In practice, you can use ColumnTransformer or make_column_transformer to handle different types of data (like numeric and categorical) within your dataset, and then encapsulate the entire preprocessing and model training process within a Pipeline or make_pipeline. This not only makes the workflow more streamlined and efficient but also helps in preventing data leakage by ensuring proper separation of training and validation data during transformations.

### Simple pipeline 1

In [None]:
from sklearn.impute import SimpleImputer
from sklearn.preprocessing import OneHotEncoder, StandardScaler, MinMaxScaler
from sklearn.pipeline import Pipeline, make_pipeline
from sklearn.compose import ColumnTransformer, make_column_transformer
from sklearn.linear_model import LogisticRegression

In [None]:
# Preprocessors (transformers)
numeric_preprocessor = SimpleImputer(strategy='mean')
categorical_preprocessor = OneHotEncoder(handle_unknown='ignore', sparse_output=False)

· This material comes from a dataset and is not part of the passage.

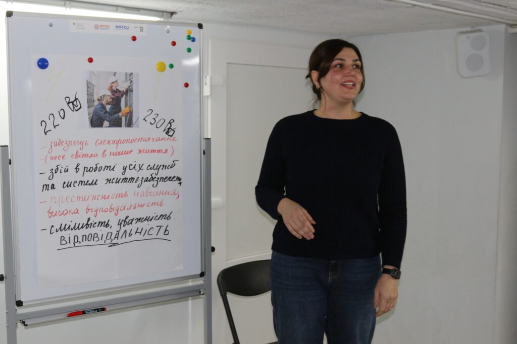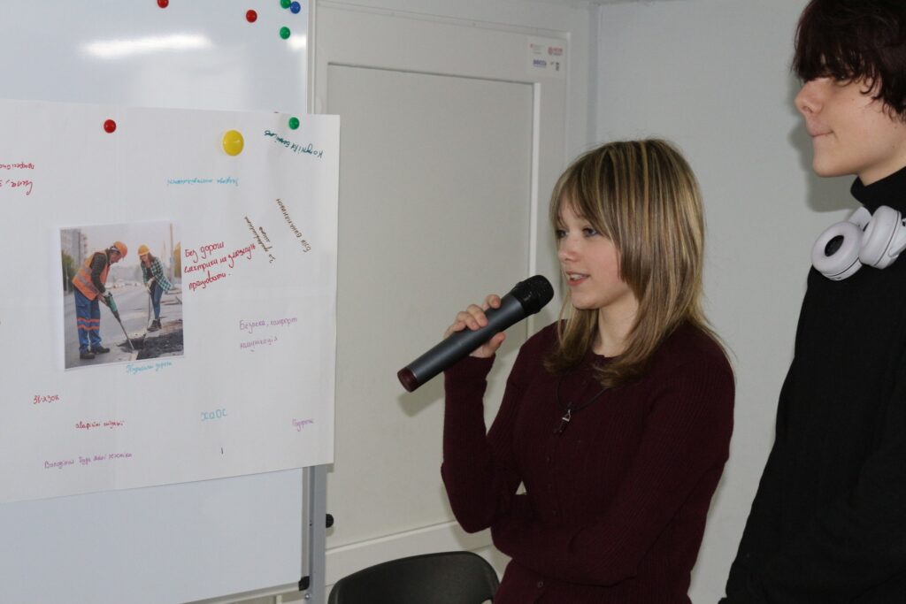 Найемоційнішим та найдинамічнішим етапом зустрічі став міні-воркшоп «Це ми і це наша громада: беремо участь – беремо відповідальність». Учасники працювали в групах, відповідаючи на питання: які професії потрібні громаді вже сьогодні та які навички мають бути у представників цих професій, визначали професію за поданою візуалізацією, створювали її короткий «портрет» та презентували свої висновки.
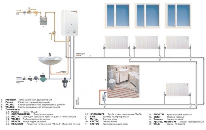 Все системы отопления выполнены по одной схеме — котел — подающие трубы — приборы — обратные трубы — котел. Он перематывается. Давление и циркуляция теплоносителя в системах центрального отопления поддерживаются насосами. В частных домах с открытой автономной системой отопления котел обеспечивает давление и циркуляцию при обогреве. В домах система отопления автономная, закрытая, теплоноситель всегда под давлением.

# Create Column transformer with make_column_transformer (tuples: transformer, list of columns)
preprocessor = make_column_transformer(
    (numeric_preprocessor, NUMERICAL_FEATURES),
    (categorical_preprocessor, CATEGORICAL_FEATURES),
)

# Create pipeline (list of tuples - step name, transformer/estimator)
model_pipeline = Pipeline(steps=[
    ('preprocessor', preprocessor),
    ('model', LogisticRegression())
])

# Display pipeline
model_pipeline

Likewise, we can also use the simpler version of the Pipeline:

In [None]:
model_pipeline = make_pipeline(preprocessor, LogisticRegression(max_iter=1000))
model_pipeline.fit(X_train, y_train)

In [None]:
# Predict train, test, and new data with pipeline
try:
  print('Train predictions:', model_pipeline.predict(X_train))
  print('Test predictions:', model_pipeline.predict(X_test))
  print('New predictions:', model_pipeline.predict(X_new))
except Exception as e:
  print(e)

Train predictions: [ True False  True False False]
Test predictions: [False  True False]
New predictions: [False]


We can access the pipeline steps through the attribute `.named_steps`. This feature allows us to retrieve and use specific trained transformers, which might be essential for debugging purposes.

In [None]:
# List pipeline steps
model_pipeline.named_steps

{'columntransformer': ColumnTransformer(transformers=[('simpleimputer', SimpleImputer(),
                                  ['temperature', 'pressure']),
                                 ('onehotencoder',
                                  OneHotEncoder(handle_unknown='ignore',
                                                sparse_output=False),
                                  ['due_maintenance', 'age_status'])]),
 'logisticregression': LogisticRegression(max_iter=1000)}

In [None]:
# Access preprocessing
model_pipeline.named_steps['columntransformer'] # or model_pipeline['columntransformer']

In [None]:
# Access preprocessing - imputer
model_pipeline.named_steps['columntransformer'].named_transformers_['simpleimputer']

In [None]:
# Use trained imputer
trained_imputer = model_pipeline.named_steps['columntransformer'].named_transformers_['simpleimputer']
trained_imputer.transform(X_test[NUMERICAL_FEATURES])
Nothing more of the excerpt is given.